The Jupiter's period of revolution around the Sun is 12 times that of the Earth. Assuming the planetary orbits to be circular, find:
(a) how many times the distance between the Jupiter and the Sun exceeds that between the Earth and the Sun,
(b) the velocity and the acceleration of Jupiter in the heliocentric reference frame.

For any planet
`MRomega^2=(gammaMm_s)/(R^2)` or `omega=sqrt((gammam_s)/(R^3))`
So, `T=(2pi)/(omega)=2piR^(3//2)//sqrt(gammam_s)`
(a) Thus `T_J/T_E=(R_J/R_E)^(3//2)`
So `R_J/R_E=(T_J//T_E)^(2//3)=(12)^(2//3)=5*24`.

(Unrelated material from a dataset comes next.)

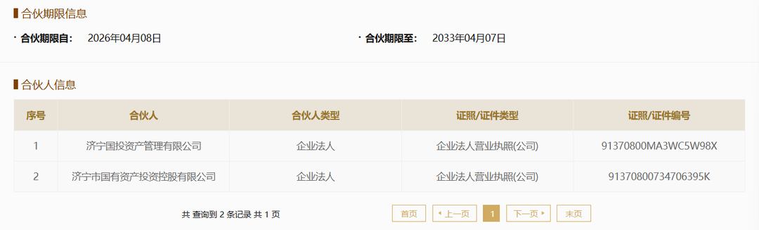 从合伙人信息来看,济宁市国有资产投资控股有限公司(下称“济宁国投”)认缴出资额4.5亿元,出资比例90%;济宁国投资产管理有限公司出资额5000万元,出资比例10%。济宁国投资产管理有限公司为济宁国投全资子公司,济宁国投由济宁市财政局全资持股。

(b) `V_J^2=(gammam_s)/(R_J)`, and `R_J=(T(sqrt(gammam_s))/(2pi))^(2//3)`
So `V_J^2=((gammam_s)^(2//3)(2pi)^(2//3))/(T^(2//3))` or, `V_J=((2pigammam_s)/(T))^(2//3)`
where `T=12` years. `m_s=` mass of the Sun.
Putting the values we get `V_J=12*97 km//s`
Acceleration `=(v_J^2)/(R_J)=((2pigammam_s)/(T))^(2//3)xx((2pi)/(Tsqrt(gammam_s)))^(2//3)`
`=((2pi)/(T))^(4//3)(gammam_s)^(1//3)`
`=2*15xx10^-4 km//s^2`